## REQUIRED ACTION
Only the lines of the data below from the one with "2024-2025学年第二学期第十三周寝室安全卫生检查结果通报表" through the one with "Kein Dutzend Pferde" are wanted. Repeat them exactly.

## RECORDS FOR THE EXERCISE
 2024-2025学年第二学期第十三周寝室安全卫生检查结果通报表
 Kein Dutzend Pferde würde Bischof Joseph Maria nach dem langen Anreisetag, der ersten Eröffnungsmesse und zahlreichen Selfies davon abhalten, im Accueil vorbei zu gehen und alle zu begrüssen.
* * *
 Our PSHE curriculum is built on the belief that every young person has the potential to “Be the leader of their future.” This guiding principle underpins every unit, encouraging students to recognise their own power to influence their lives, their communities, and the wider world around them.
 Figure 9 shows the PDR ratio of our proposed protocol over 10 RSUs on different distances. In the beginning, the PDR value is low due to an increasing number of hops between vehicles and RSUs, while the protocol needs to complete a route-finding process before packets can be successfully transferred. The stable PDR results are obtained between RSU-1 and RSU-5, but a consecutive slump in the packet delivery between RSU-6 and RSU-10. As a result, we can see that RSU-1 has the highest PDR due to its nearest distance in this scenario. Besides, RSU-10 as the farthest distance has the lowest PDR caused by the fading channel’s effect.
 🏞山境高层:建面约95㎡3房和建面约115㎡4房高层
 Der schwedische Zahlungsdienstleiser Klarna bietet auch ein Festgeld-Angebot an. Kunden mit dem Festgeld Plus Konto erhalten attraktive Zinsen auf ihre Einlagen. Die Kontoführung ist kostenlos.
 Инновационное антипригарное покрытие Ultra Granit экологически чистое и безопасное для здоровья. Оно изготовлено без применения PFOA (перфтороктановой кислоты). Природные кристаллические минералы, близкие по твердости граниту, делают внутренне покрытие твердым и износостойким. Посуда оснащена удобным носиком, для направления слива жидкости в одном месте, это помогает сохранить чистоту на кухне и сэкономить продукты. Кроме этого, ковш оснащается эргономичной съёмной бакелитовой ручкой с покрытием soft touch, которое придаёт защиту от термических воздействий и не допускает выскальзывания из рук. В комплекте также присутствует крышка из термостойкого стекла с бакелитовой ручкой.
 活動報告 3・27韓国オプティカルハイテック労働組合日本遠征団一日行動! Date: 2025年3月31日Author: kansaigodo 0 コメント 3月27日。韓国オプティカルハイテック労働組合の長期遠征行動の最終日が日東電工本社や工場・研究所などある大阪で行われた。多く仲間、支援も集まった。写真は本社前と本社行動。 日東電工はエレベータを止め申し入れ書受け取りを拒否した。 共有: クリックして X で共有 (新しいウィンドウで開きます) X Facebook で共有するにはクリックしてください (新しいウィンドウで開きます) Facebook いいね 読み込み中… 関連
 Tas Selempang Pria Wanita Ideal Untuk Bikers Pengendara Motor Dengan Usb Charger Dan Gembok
---
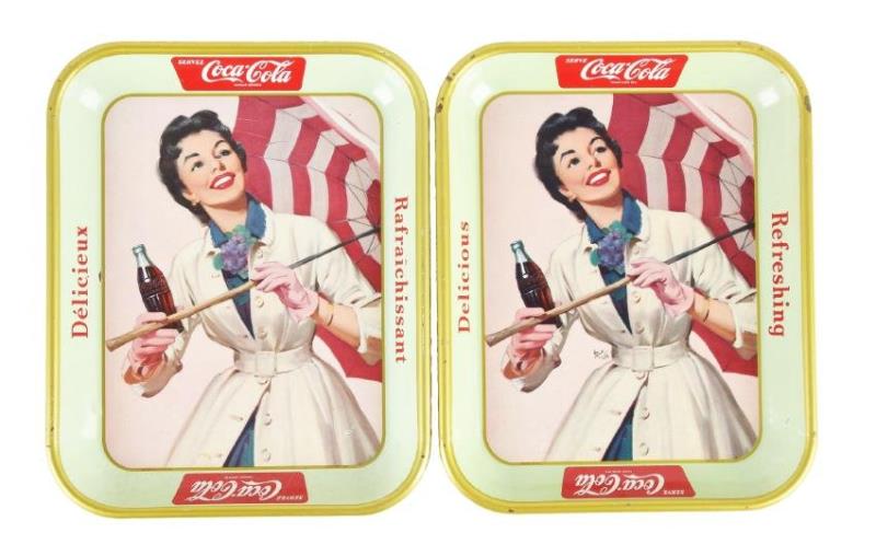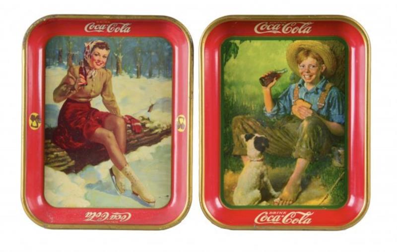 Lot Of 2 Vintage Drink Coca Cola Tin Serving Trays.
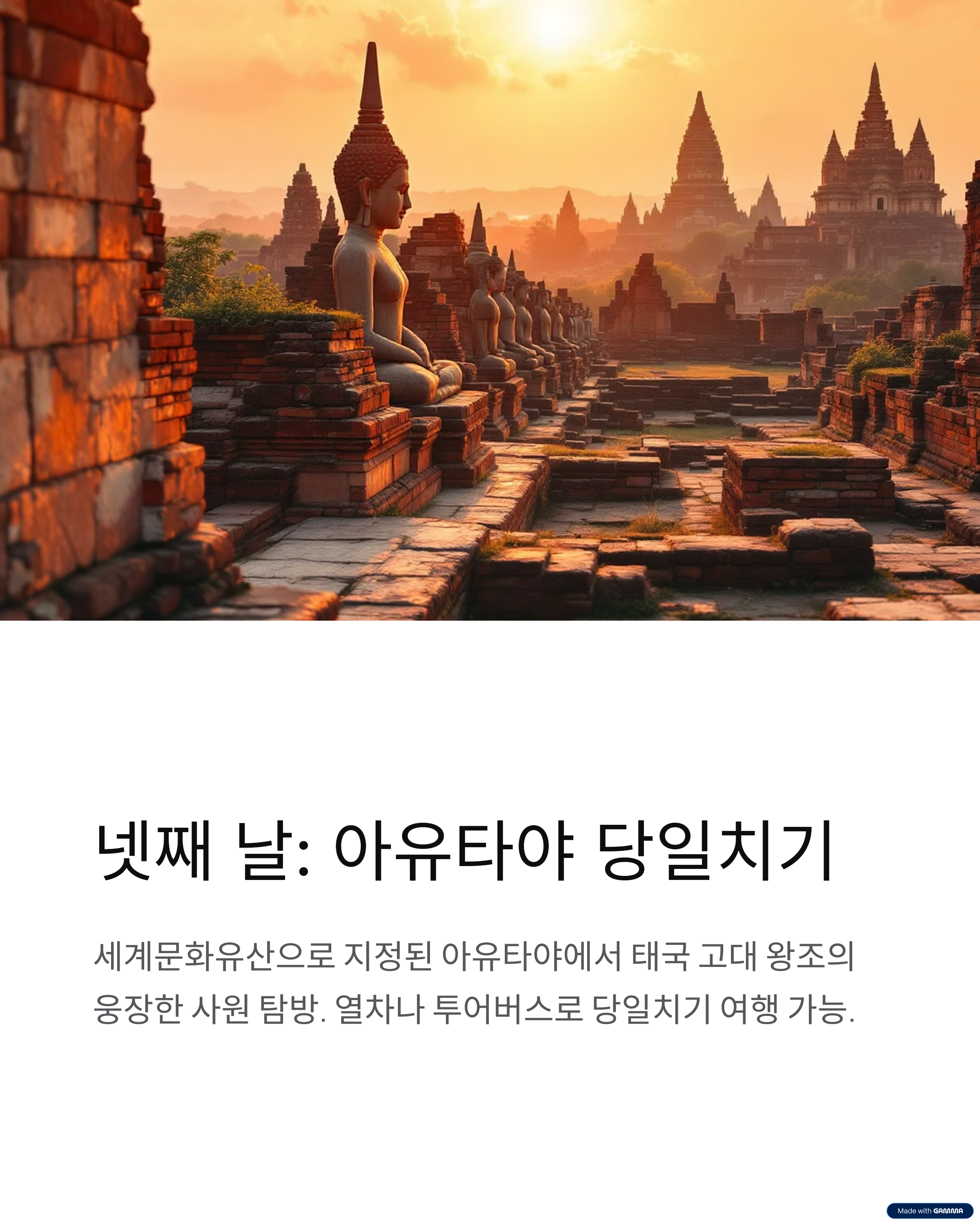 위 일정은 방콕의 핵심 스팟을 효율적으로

## RESULT OF THE TASK
 2024-2025学年第二学期第十三周寝室安全卫生检查结果通报表
 Kein Dutzend Pferde würde Bischof Joseph Maria nach dem langen Anreisetag, der ersten Eröffnungsmesse und zahlreichen Selfies davon abhalten, im Accueil vorbei zu gehen und alle zu begrüssen.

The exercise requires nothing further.